Scikit-Learn Compatibility
Scikit-Learn¶
Many of the language-backends inside of this package can be used in scikit-learn pipelines.
We've implemented a compatible .fit()
and .transform()
API which means that
you could write scikit-learn pipelines like this:
import numpy as np
from whatlies.language import SpacyLanguage
from sklearn.pipeline import Pipeline
from sklearn.linear_model import LogisticRegression
pipe = Pipeline([
("embed", SpacyLanguage("en_core_web_md")),
("model", LogisticRegression())
])
X = [
"i really like this post",
"thanks for that comment",
"i enjoy this friendly forum",
"this is a bad post",
"i dislike this article",
"this is not well written"
]
y = np.array([1, 1, 1, 0, 0, 0])
pipe.fit(X, y)
This pipeline is using the embeddings from spaCy now and passing those to the logistic regression.
pipe.predict_proba(X)
# array([[0.37862409, 0.62137591],
# [0.27858304, 0.72141696],
# [0.21386529, 0.78613471],
# [0.7155662 , 0.2844338 ],
# [0.64924579, 0.35075421],
# [0.76414156, 0.23585844]])
You could make a pipeline that generates both dense and sparse features by using a FeatureUnion.
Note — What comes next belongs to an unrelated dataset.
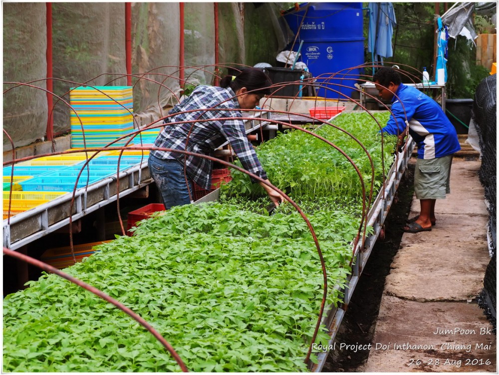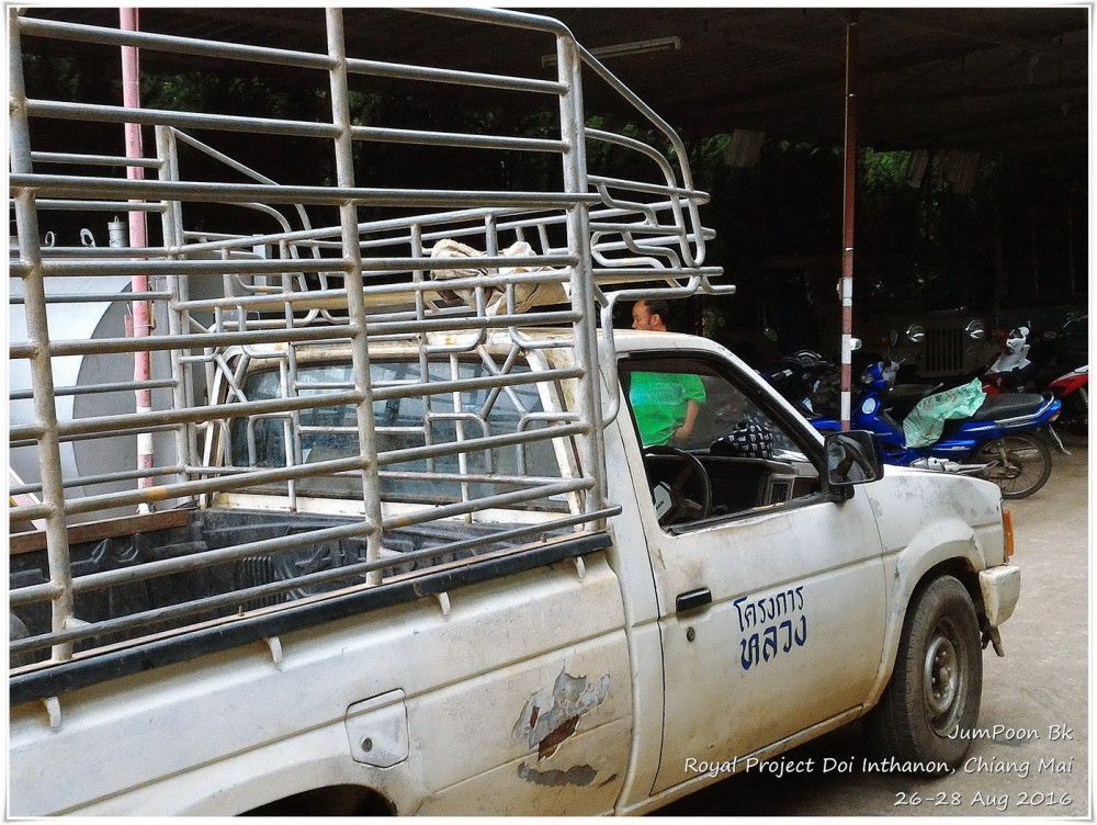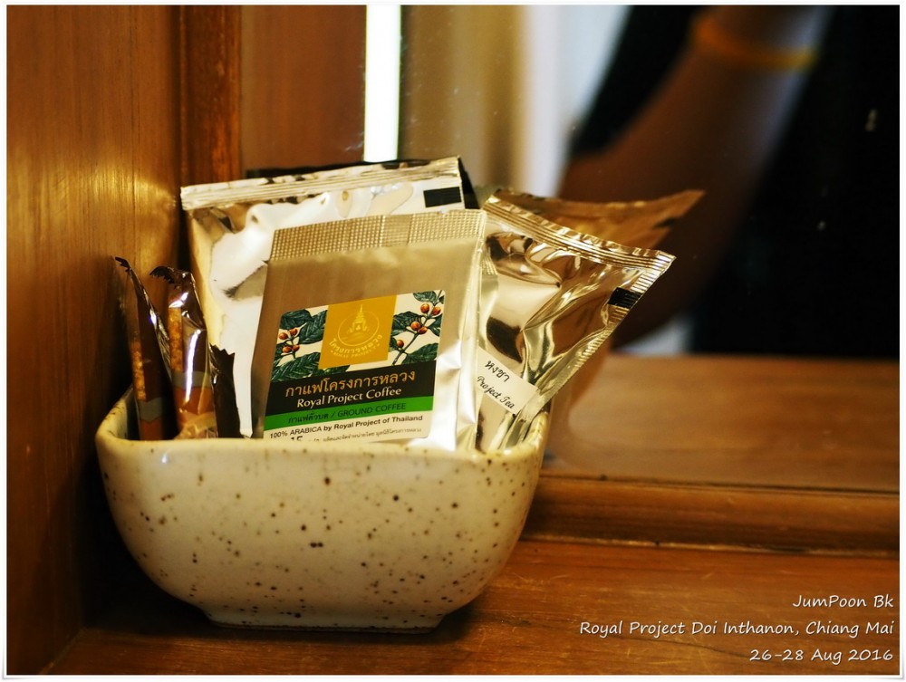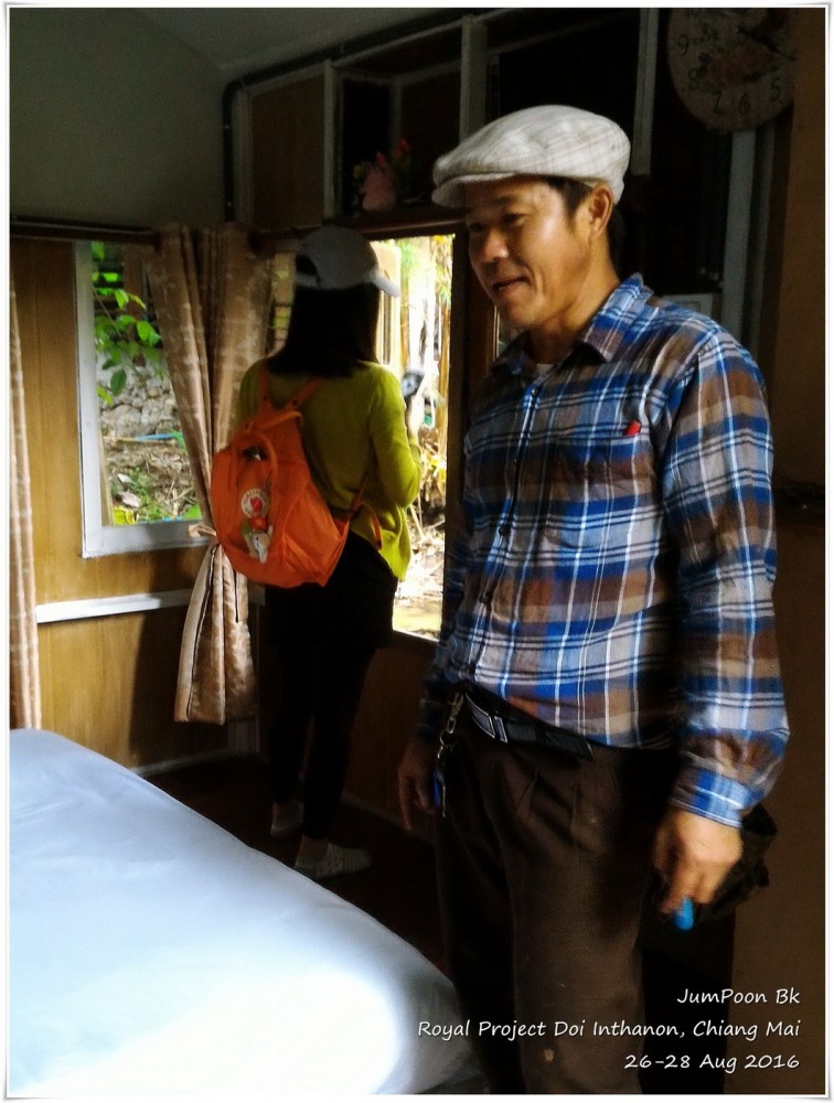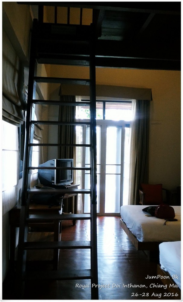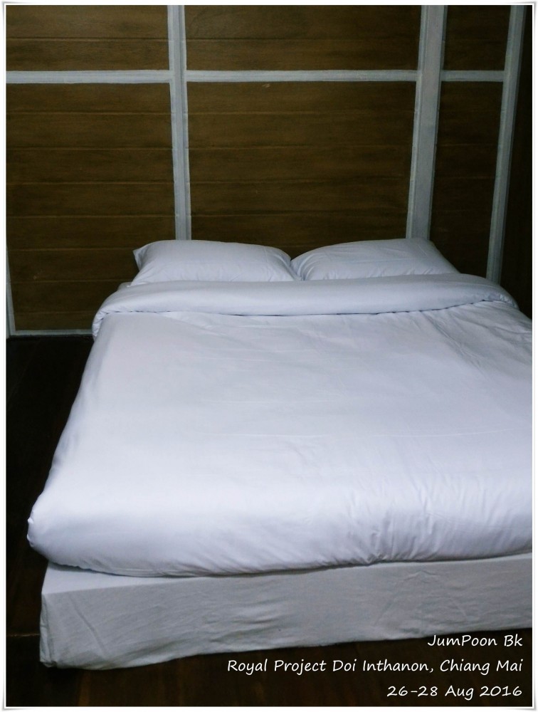 ถึงสถานีเกษตรฯ ด้วยความตื่นตาตื่นใจ ดอกไม้สวยมาก เราเช็คอินเข้าห้องพัก ระหว่างทางเดินไปห้องพัก เราผ่านอาคารผลิตผล (Packing House) ตอนเช้าเราจะเห็นรถกระบะมาจอดส่งผลผลิตที่นี่ ห้องที่เราพักชื่อสิริภูมิ B นอกจากมีเตียงห้องน้ำตามปกติ ก็มีชั้นลอยที่สามารถเพิ่มที่นอนตรงชั้นลอยห้องใต้หลังคาได้ ที่ห้องพักไม่มีแอร์ ไม่มีพัดลม แต่ก็ไม่จำเป็นเพราะอากาศเย็นอยู่แล้ว ห้องพักสะอาดสะอ้านดี มีชากาแฟสดพร้อมอุปกรณ์ให้เราลองชงด้วย สภาพห้องพักไม่ได้ใหม่มาก ในส่วนของห้องน้ำ เราว่าทางสถานีเกษตรฯ คงต้องปรับปรุงสักหน่อยก็น่าจะดีขึ้น แต่โดยรวมเราค่อนข้างพอใจกับราคา 1,100 บาท/คืน (ราคาขึ้นอยู่กับช่วงเวลาที่ไปพัก) พร้อมอาหารเช้า

from sklearn.pipeline import FeatureUnion
from sklearn.feature_extraction.text import CountVectorizer
preprocess = FeatureUnion([
("dense", SpacyLanguage("en_core_web_md")),
("sparse_word", CountVectorizer()),
("sparse_subword", CountVectorizer(analyzer="char", ngram_range=(2, 4)))
])
Supported Models¶
Every language backend that this library offers is compatible for use in a scikit-learn pipeline. This includes the following;
whatlies.language.SpacyLanguage
whatlies.language.FasttextLanguage
whatlies.language.CountVectorLanguage
whatlies.language.BytePairLanguage
whatlies.language.GensimLanguage
whatlies.language.HFTransformersLanguage
whatlies.language.TFHubLanguage
whatlies.language.UniversalSentenceLanguage
whatlies.language.SentenceTFMLanguage
whatlies.language.UniversalSentenceLanguage
whatlies.language.LaBSELanguage
Caveats¶
There's a few caveats to be aware of though. In general these language backends cannot be
directly pickled so that means that you won't be able to save a pipeline if there's a whatlies
component in it. This also means that you cannot use a gridsearch. Where possible we try to
test against scikit-learn's testing utilities but for now the use-case is limited for use in
a Pipeline
. You should assume that you cannot use GridSearchCV
and that you cannot pickle
to disk.
If you see a way to properly support this in general, let us know on github by creating an issue.